1.几个基本概念介绍
一个 Elasticsearch 集群可以包含多个索引,相应的每个索引可以包含多个类型。这些不同的类型存储着多个文档,每个文档又有多个属性。
- 索引(index)相当于关系型数据库中的dbname.
- 类型 (type) 相当于关系型数据库中的Table
- 文档(document)相当于关系型数据库中的记录
- 属性,相当于关系型数据库中的字段
2.实例介绍
对于雇员目录,我们将做如下操作:
- 每个雇员索引一个文档,包含该雇员的所有信息。
- 每个文档都将是
employee
类型。 - 该类型位于索引
megacorp
内。 - 该索引保存在我们的 Elasticsearch 集群中
注:一下实例中的命令都是curl的简写形式,
具体省略的包括curl -XPUT 'http://192.168.0.103:9200/megacorp/employee/1'
PUT /megacorp/employee/1
{
"first_name" : "John",
"last_name" : "Smith",
"age" : 25,
"about" : "I love to go rock climbing",
"interests": [ "sports", "music" ]
}
注意,路径 /megacorp/employee/1 包含了三部分的信息:
- megacorp 索引名称
- employee 类型名称
- 1 特定雇员的ID
让我们增加更多的员工信息到目录中:
PUT /megacorp/employee/2
{
"first_name" : "Jane",
"last_name" : "Smith",
"age" : 32,
"about" : "I like to collect rock albums",
"interests": [ "music" ]
}
3.检索文档
指定id参数会检索指定id的文档
GET /megacorp/employee/1
{
"_index" : "megacorp",
"_type" : "employee",
"_id" : "1",
"_version" : 1,
"found" : true,
"_source" : {
"first_name" : "John",
"last_name" : "Smith",
"age" : 25,
"about" : "I love to go rock climbing",
"interests": [ "sports", "music" ]
}
}
4.轻量检索
直接加_search
,返回结果包括了所有三个文档,放在数组 hits 中。一个搜索默认返回十条结果。返回结果不仅告知匹配了哪些文档,还包含了整个文档本身:显示搜索结果给最终用户所需的全部信息。
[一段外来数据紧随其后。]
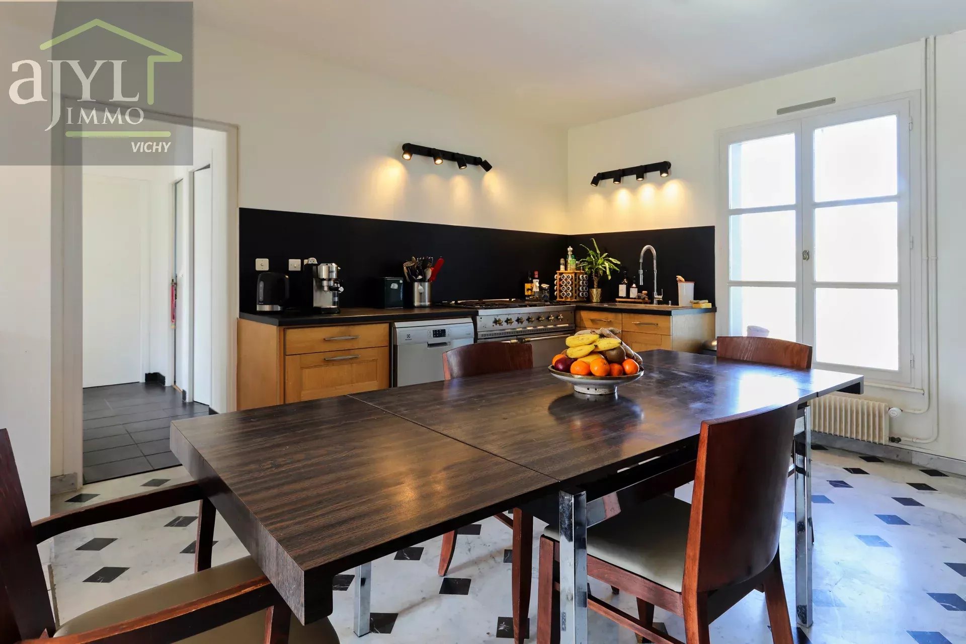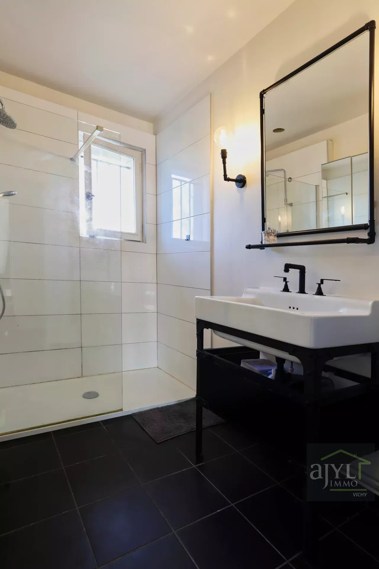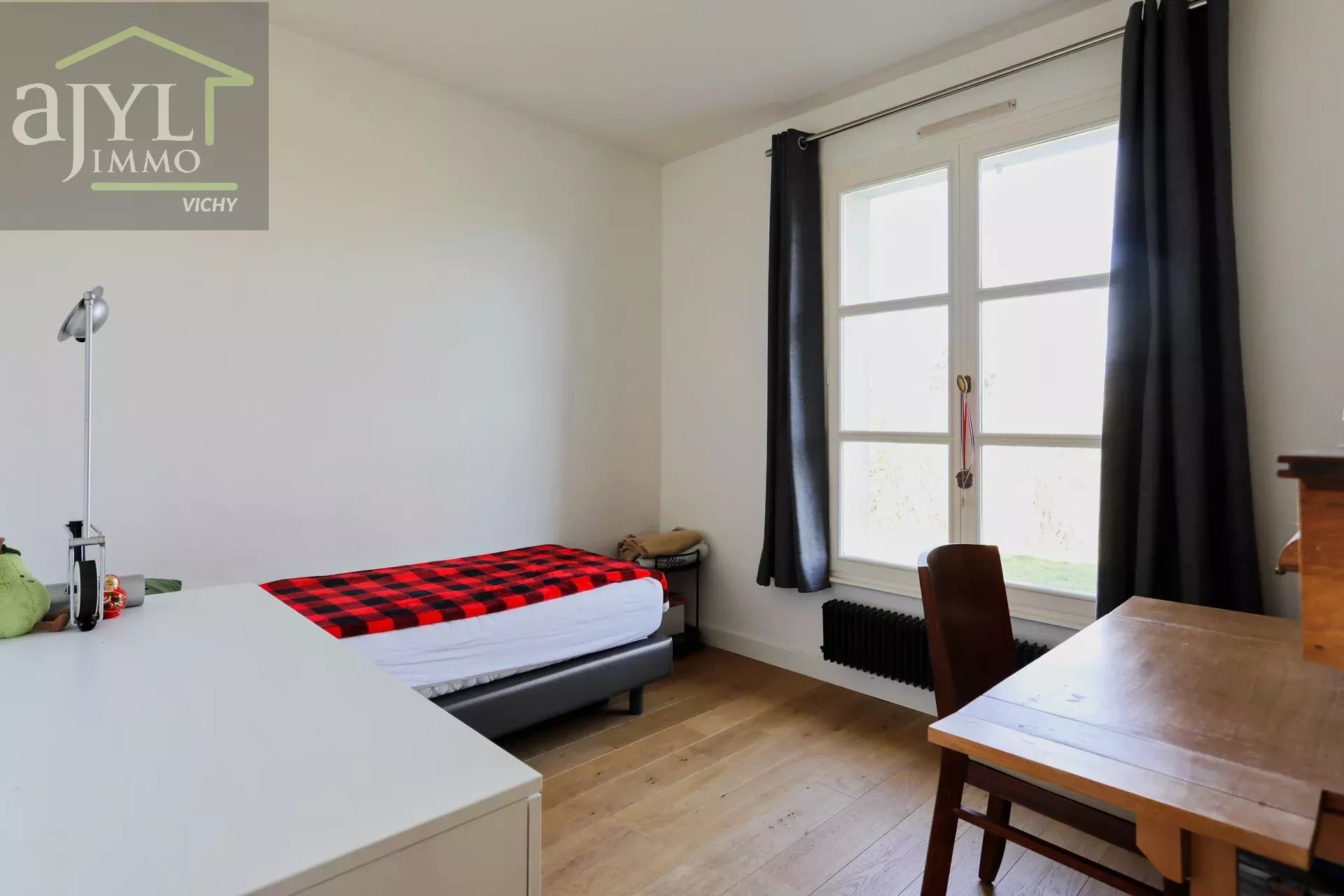 À seulement 9 km de Vichy, belle propriété de caractère d’environ 220 m² habitables, nichée au cœur d’un parc arboré de 6 000 m² — intimité, luminosité et volumes généreux. Rez-de-chaussée (vie de plain-pied possible) : • Entrée / hall 25 m² avec cheminée • Salon lumineux 50 m² avec cheminée • Cuisine équipée + espace repas 30 m² • Bureau, 2 chambres, salle d’eau, WC indépendant, buanderie/chaufferie Étage : • Palier spacieux, 2 chambres (25 m² / 13 m²) • Rangements sur mesure (placards/dressing), salle de bains, WC indépendant Extérieurs & annexes : • Atelier 120 m² au sol avec mezzanine (partie isolée aménageable en bureau) • Garage attenant • Terrain piscinable (fort potentiel aménagement piscine / terrasse) • Toiture refaite en 2022 — travaux structurels récents • Panneaux photovoltaïques rapportant environ 1 800 €/an Travaux & potentiel : quelques rafraîchissements (peinture, salle de bains) permettront de révéler tout le cachet de la maison. Idéale pour famille cherchant espace et tranquillité, ou pour projet mêlant habitation et activité (atelier). Points forts : parc 6 000 m² • volumes lumineux • atelier 120 m² • toiture 2022 • revenus photovoltaïques • proximité Vichy (9 km).
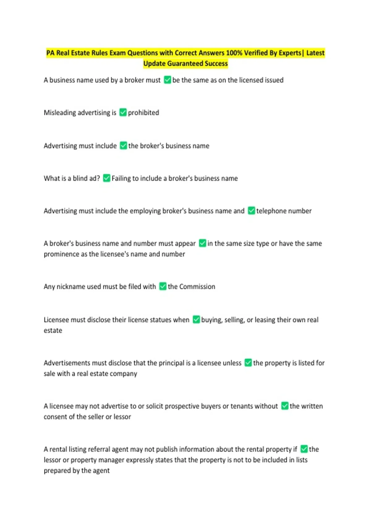 PA Real Estate Rules Exam Questions with Correct Answers 100% Verified By Experts
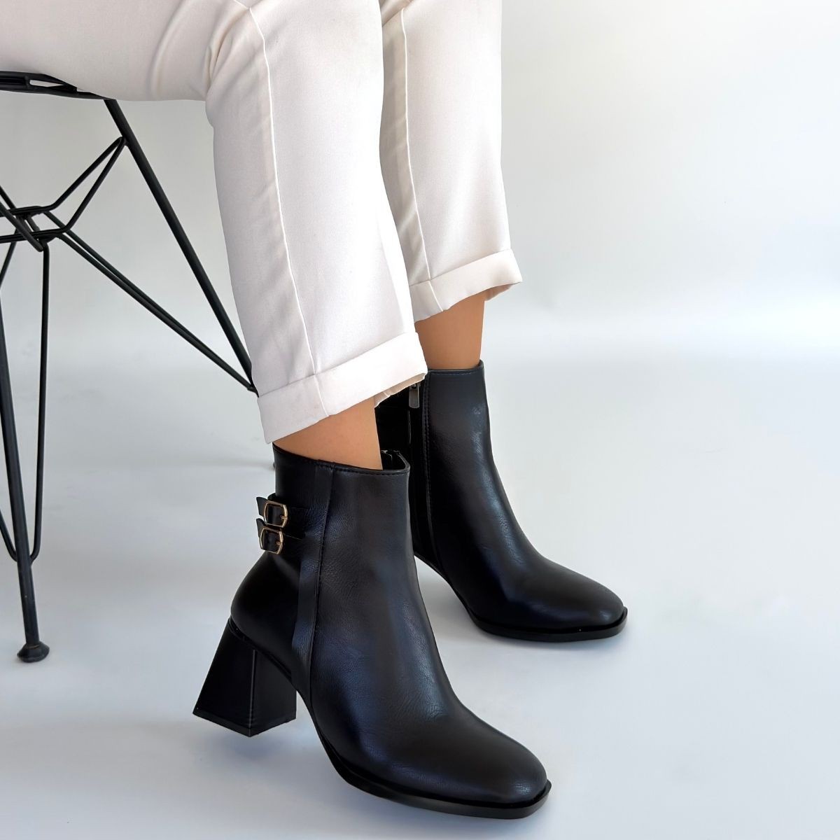 Kanda Siyah Cilt Topuklu Bot
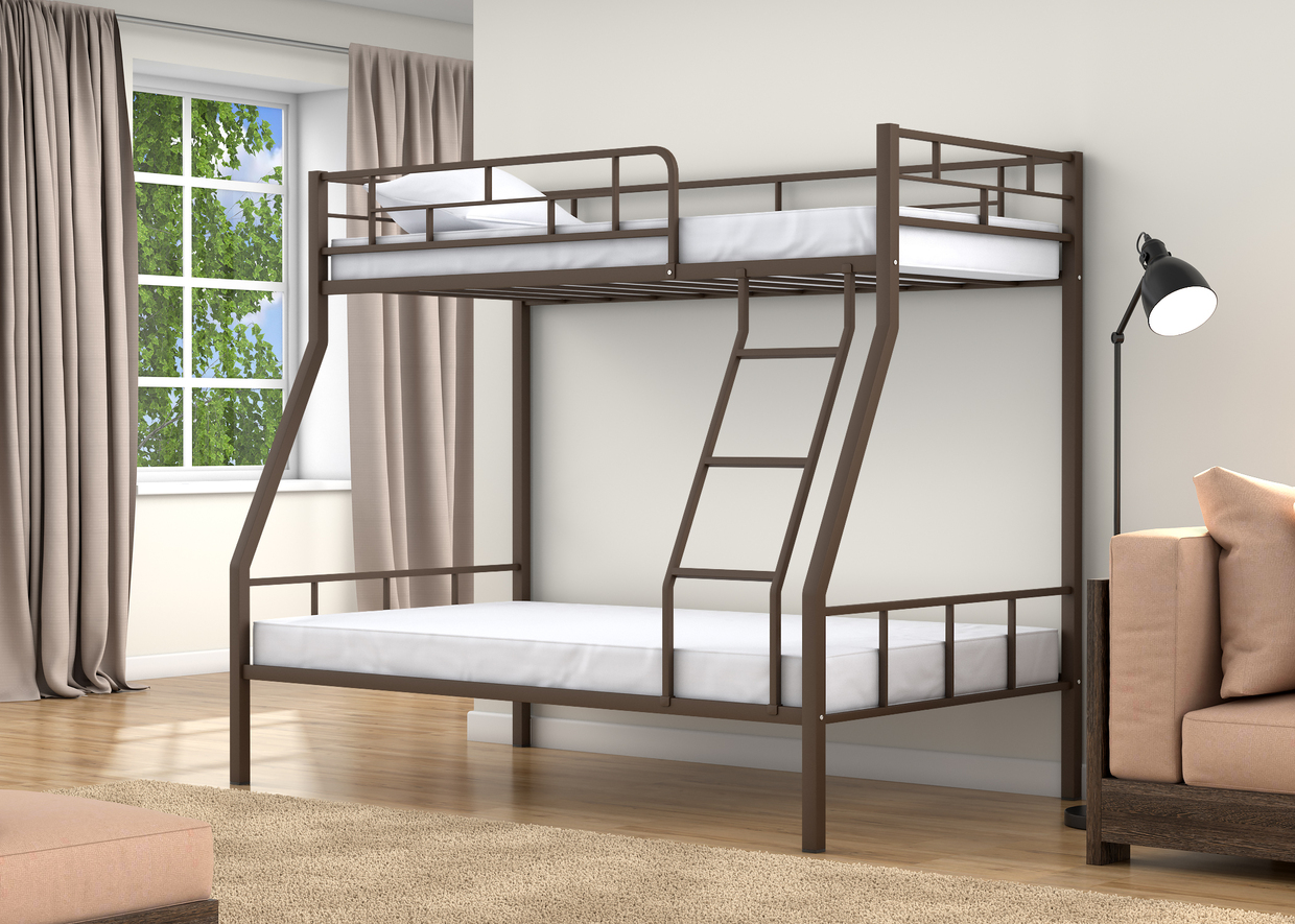 Двухъярусная кровать Раута , спальные места 90х190 см. и 120х190 см., прочный стальной каркас, покрашен безопасной не имеющей запаха порошковой краской. Цвета на выбор: коричневый, черный, слоновая кость. Дополнительно комплектуется выдвижными ящиками и навесной полкой, материал ЛДСП 16 мм., цвета на выбор: дуб молочный или венге.

GET /megacorp/employee/_search
{
"took": 6,
"timed_out": false,
"_shards": { ... },
"hits": {
"total": 3,
"max_score": 1,
"hits": [
{
"_index": "megacorp",
"_type": "employee",
"_id": "3",
"_score": 1,
"_source": {
"first_name": "Douglas",
"last_name": "Fir",
"age": 35,
"about": "I like to build cabinets",
"interests": [ "forestry" ]
}
},
{
"_index": "megacorp",
"_type": "employee",
"_id": "1",
"_score": 1,
"_source": {
"first_name": "John",
"last_name": "Smith",
"age": 25,
"about": "I love to go rock climbing",
"interests": [ "sports", "music" ]
}
},
{
"_index": "megacorp",
"_type": "employee",
"_id": "2",
"_score": 1,
"_source": {
"first_name": "Jane",
"last_name": "Smith",
"age": 32,
"about": "I like to collect rock albums",
"interests": [ "music" ]
}
}
]
}
}
高亮搜索,在_search
后加上搜索参数q=''
GET /megacorp/employee/_search?q=last_name:Smith
{
...
"hits": {
"total": 2,
"max_score": 0.30685282,
"hits": [
{
...
"_source": {
"first_name": "John",
"last_name": "Smith",
"age": 25,
"about": "I love to go rock climbing",
"interests": [ "sports", "music" ]
}
},
{
...
"_source": {
"first_name": "Jane",
"last_name": "Smith",
"age": 32,
"about": "I like to collect rock albums",
"interests": [ "music" ]
}
}
]
}
}
5.查询表达式搜索
领域特定语言DSL指定了使用一个 JSON 请求。我们可以像这样重写之前的查询所有 Smith 的搜索
GET /megacorp/employee/_search
{
"query" : {
"match" : {
"last_name" : "Smith"
}
}
}
更复杂一些的查询:
GET /megacorp/employee/_search
{
"query" : {
"bool": {
"must": {
"match" : {
"last_name" : "smith"
}
},
"filter": {
"range" : {
"age" : { "gt" : 30 }
}
}
}
}
}
现在结果只返回了一个雇员,叫 Jane Smith,32 岁。
{
...
"hits": {
"total": 1,
"max_score": 0.30685282,
"hits": [
{
...
"_source": {
"first_name": "Jane",
"last_name": "Smith",
"age": 32,
"about": "I like to collect rock albums",
"interests": [ "music" ]
}
}
]
}
}
7.全文搜索
以上介绍的都是简单的查询,现在尝试下稍微高级点儿的全文搜索
GET /megacorp/employee/_search
{
"query" : {
"match" : {
"about" : "rock climbing"
}
}
}
举个更加具体的Python示例:
def main():
# es = Elasticsearch(es_hosts)
es = Elasticsearch(es_hosts, http_auth=es_auth)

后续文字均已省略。